**Action item**: Skip the pictures. Transcribe the rest of the data below without changing a word.

[Stored records]

- - - -

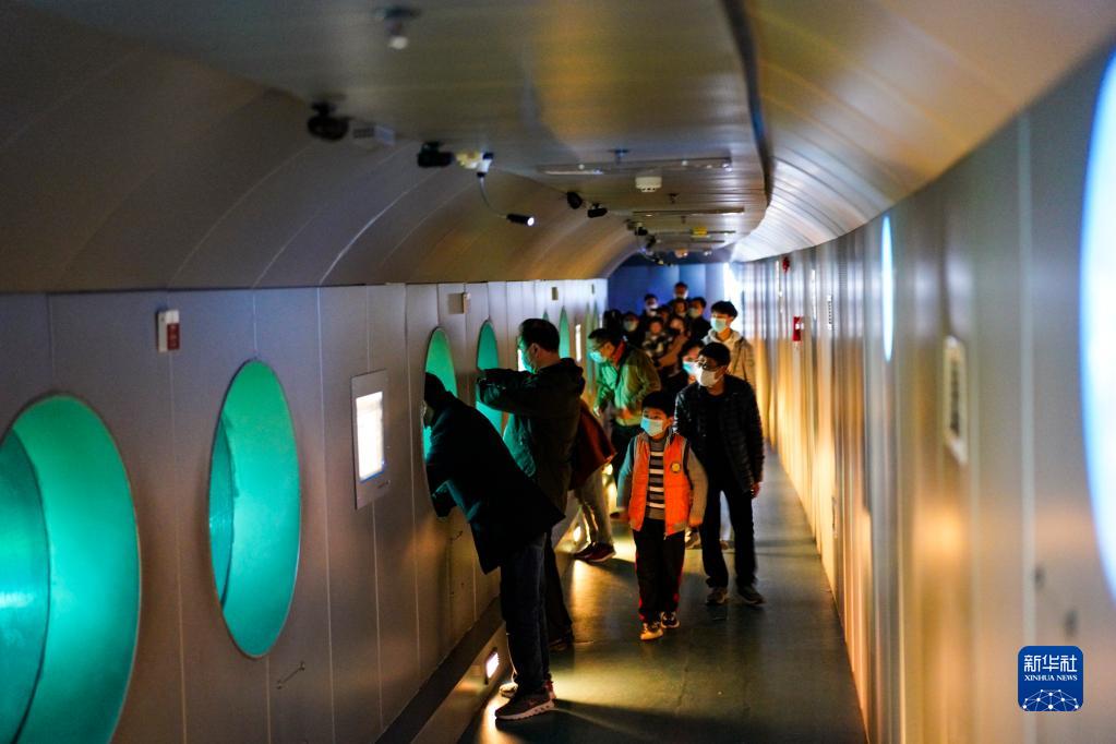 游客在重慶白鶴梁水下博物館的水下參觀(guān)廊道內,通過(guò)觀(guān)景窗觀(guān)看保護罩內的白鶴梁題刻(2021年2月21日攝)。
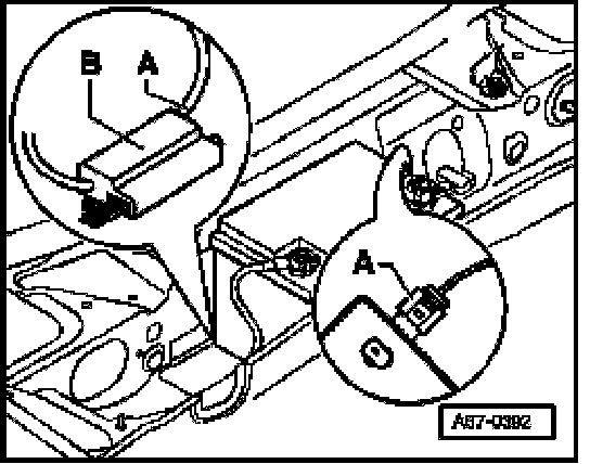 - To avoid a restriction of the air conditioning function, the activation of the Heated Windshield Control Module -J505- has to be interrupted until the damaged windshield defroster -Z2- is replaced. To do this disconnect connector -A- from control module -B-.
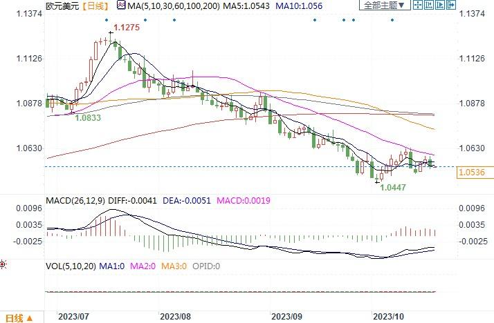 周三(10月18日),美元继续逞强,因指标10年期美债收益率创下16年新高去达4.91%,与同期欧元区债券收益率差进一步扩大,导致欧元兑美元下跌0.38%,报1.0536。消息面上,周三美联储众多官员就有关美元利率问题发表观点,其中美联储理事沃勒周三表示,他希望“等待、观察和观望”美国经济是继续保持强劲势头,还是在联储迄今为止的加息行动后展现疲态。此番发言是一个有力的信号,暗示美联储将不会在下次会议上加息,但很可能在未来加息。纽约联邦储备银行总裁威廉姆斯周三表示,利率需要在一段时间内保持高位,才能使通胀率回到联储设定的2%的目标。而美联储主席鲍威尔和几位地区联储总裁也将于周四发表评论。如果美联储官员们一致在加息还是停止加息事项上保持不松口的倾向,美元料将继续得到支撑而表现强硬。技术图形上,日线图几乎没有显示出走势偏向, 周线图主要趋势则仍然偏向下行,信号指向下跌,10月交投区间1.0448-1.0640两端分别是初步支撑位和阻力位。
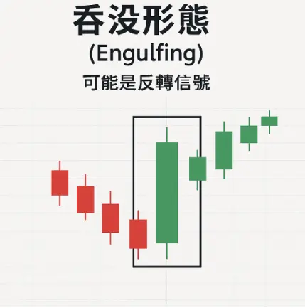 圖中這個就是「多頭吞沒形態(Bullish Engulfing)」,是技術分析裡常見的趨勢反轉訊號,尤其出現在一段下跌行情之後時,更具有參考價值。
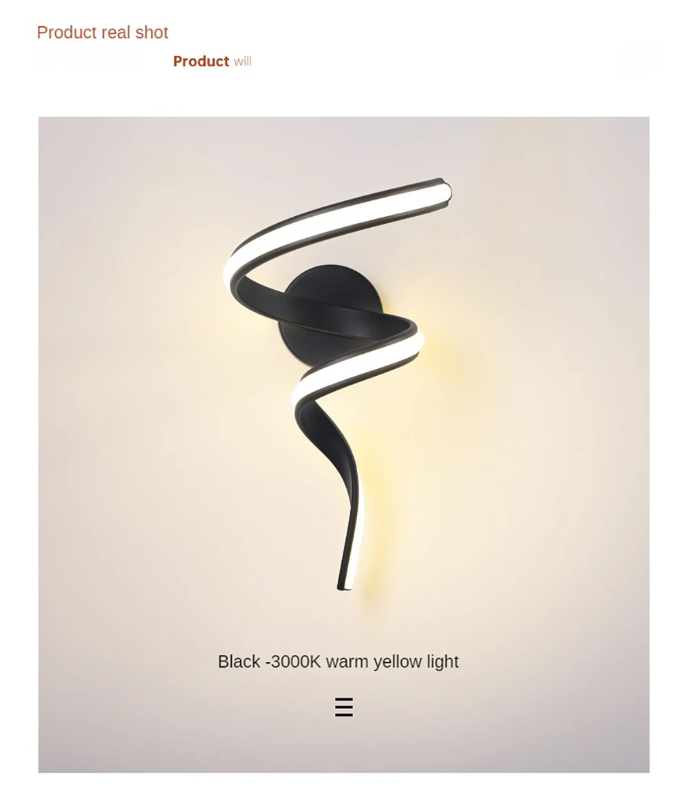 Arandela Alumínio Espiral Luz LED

- - - -

**Task output**:
 游客在重慶白鶴梁水下博物館的水下參觀(guān)廊道內,通過(guò)觀(guān)景窗觀(guān)看保護罩內的白鶴梁題刻(2021年2月21日攝)。
 - To avoid a restriction of the air conditioning function, the activation of the Heated Windshield Control Module -J505- has to be interrupted until the damaged windshield defroster -Z2- is replaced. To do this disconnect connector -A- from control module -B-.
 周三(10月18日),美元继续逞强,因指标10年期美债收益率创下16年新高去达4.91%,与同期欧元区债券收益率差进一步扩大,导致欧元兑美元下跌0.38%,报1.0536。消息面上,周三美联储众多官员就有关美元利率问题发表观点,其中美联储理事沃勒周三表示,他希望“等待、观察和观望”美国经济是继续保持强劲势头,还是在联储迄今为止的加息行动后展现疲态。此番发言是一个有力的信号,暗示美联储将不会在下次会议上加息,但很可能在未来加息。纽约联邦储备银行总裁威廉姆斯周三表示,利率需要在一段时间内保持高位,才能使通胀率回到联储设定的2%的目标。而美联储主席鲍威尔和几位地区联储总裁也将于周四发表评论。如果美联储官员们一致在加息还是停止加息事项上保持不松口的倾向,美元料将继续得到支撑而表现强硬。技术图形上,日线图几乎没有显示出走势偏向, 周线图主要趋势则仍然偏向下行,信号指向下跌,10月交投区间1.0448-1.0640两端分别是初步支撑位和阻力位。
 圖中這個就是「多頭吞沒形態(Bullish Engulfing)」,是技術分析裡常見的趨勢反轉訊號,尤其出現在一段下跌行情之後時,更具有參考價值。
 Arandela Alumínio Espiral Luz LED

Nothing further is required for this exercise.